• Records from a collection:

---

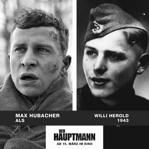 Saat berjalan sendiri, Wili Herold lantas menemukan sebuah mobil yang mogok namun didalamnya terdapat perlengkapan milik seorang perwira berpangkat Kapten dari satuan Luftwaffe (AU Nazi Jerman). Herold mengambil seragam Der Hauptmann dan mengenakannya meski celana yang dipakai terlalu panjang. Herold berakting seolah-olah ia adalah perwira sungguhan. Aksi pertamanya ditunjukan kepada Freytag (diperankan oleh Milan Peschel), seorang prajurit yang terpisah dari unitnya setelah pertempuran sengit melawa sekutu. Ia bersandiwara kepada Freytag dengan mengintrograsi serta menuduhnya sudah lalai dalam tugas. Namun Herold memaafkan dan menjadikan Freytag sebagai supir pribadi.
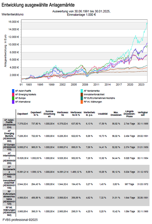 Wertentwicklung von Aktienfonds, Rentenfonds und Immobilienfonds seit dem Jahr 1991 in verschiedenen Anlagemärkten
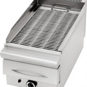 Ψησταριά αερίου νερού με νερό στο συρτάρι με δύο ΙΝΟΧ καυστήρες μια ΙΝΟΧ σχάρα και μία πλάκα, με πιλότο και θερμοκόπια ,δουλεύει σε όλα τα αέρια(υγραέριο και φυσικό αέριο).
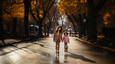 A group of friends is roller skating at a retro rink, embracing the nostalgia of 1970s roller disco. The concept of nostalgic roller skating is depicted.
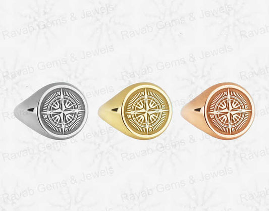 Christmas Sale Solid 925 Sterling Silver Retro Compass Engraving Signet Ring for Women & Men Fine Handmade Unique Fine Gifts
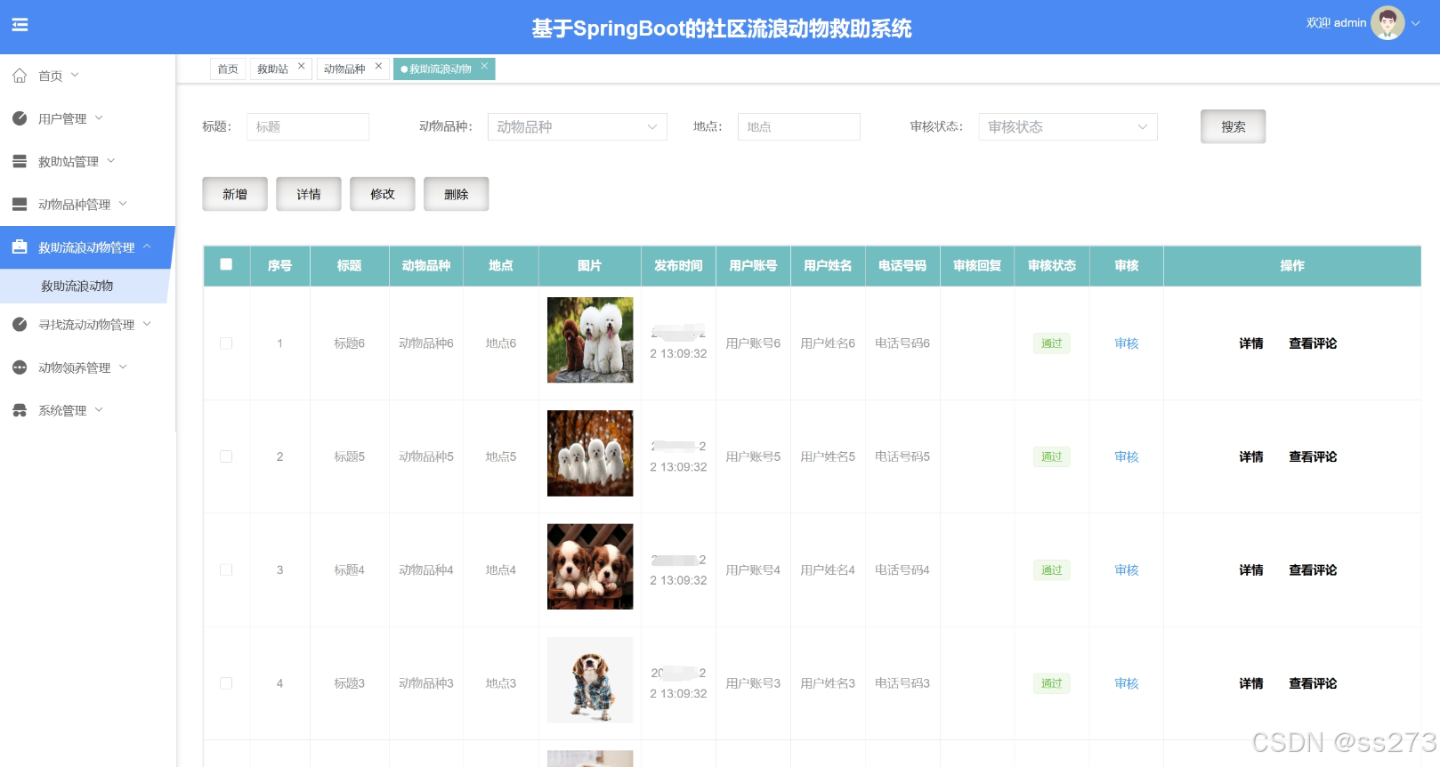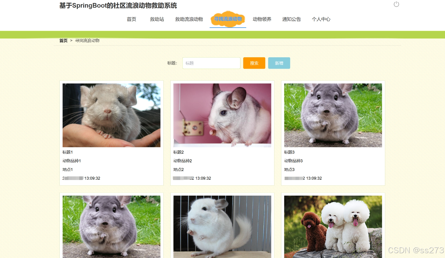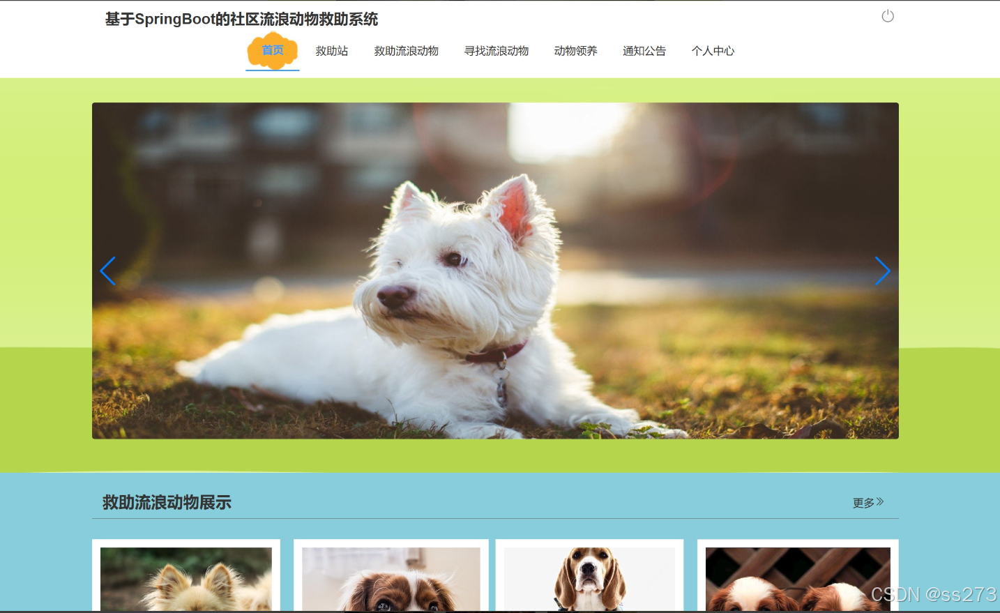 用户:登录、注册、前台首页、救助站展示、救助流浪动物、寻找流浪动物、动物领养、评论、通知公告、个人中心、修改密码等
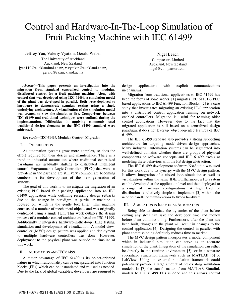 Jeffrey Yan, Valeriy Vyatkin, Gerald Weber
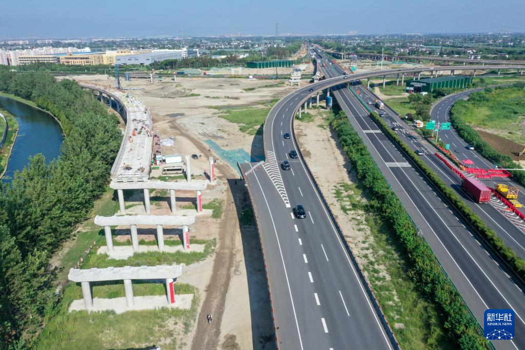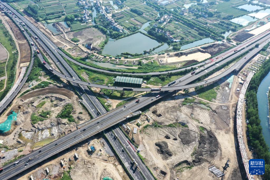9月5日,沪武高速公路太仓至常州段扩建工程项目江阴段跨主线桥正在扩建施工中(无人机照片)。沪武高速公路太仓至常州段是沪武国家高速公路(G4221)的重要组成部分,目前,扩建工程全长134.865公里。全线采用两侧拼宽为主的总体扩建方案,浏河大桥北桥头至太仓北枢纽段、董浜枢纽至常州南互通段由双向六车道扩建为双向八车道,太仓北枢纽至董浜枢纽段由双向六车道扩建为双向十车道。

---

• Assigned task: Starting at the line that contains "Christmas Sale Solid", output every line through the end of the data, both ends included, and nothing else; pictures stay out.

• Solution for this problem:
 Christmas Sale Solid 925 Sterling Silver Retro Compass Engraving Signet Ring for Women & Men Fine Handmade Unique Fine Gifts
 用户:登录、注册、前台首页、救助站展示、救助流浪动物、寻找流浪动物、动物领养、评论、通知公告、个人中心、修改密码等
 Jeffrey Yan, Valeriy Vyatkin, Gerald Weber
9月5日,沪武高速公路太仓至常州段扩建工程项目江阴段跨主线桥正在扩建施工中(无人机照片)。沪武高速公路太仓至常州段是沪武国家高速公路(G4221)的重要组成部分,目前,扩建工程全长134.865公里。全线采用两侧拼宽为主的总体扩建方案,浏河大桥北桥头至太仓北枢纽段、董浜枢纽至常州南互通段由双向六车道扩建为双向八车道,太仓北枢纽至董浜枢纽段由双向六车道扩建为双向十车道。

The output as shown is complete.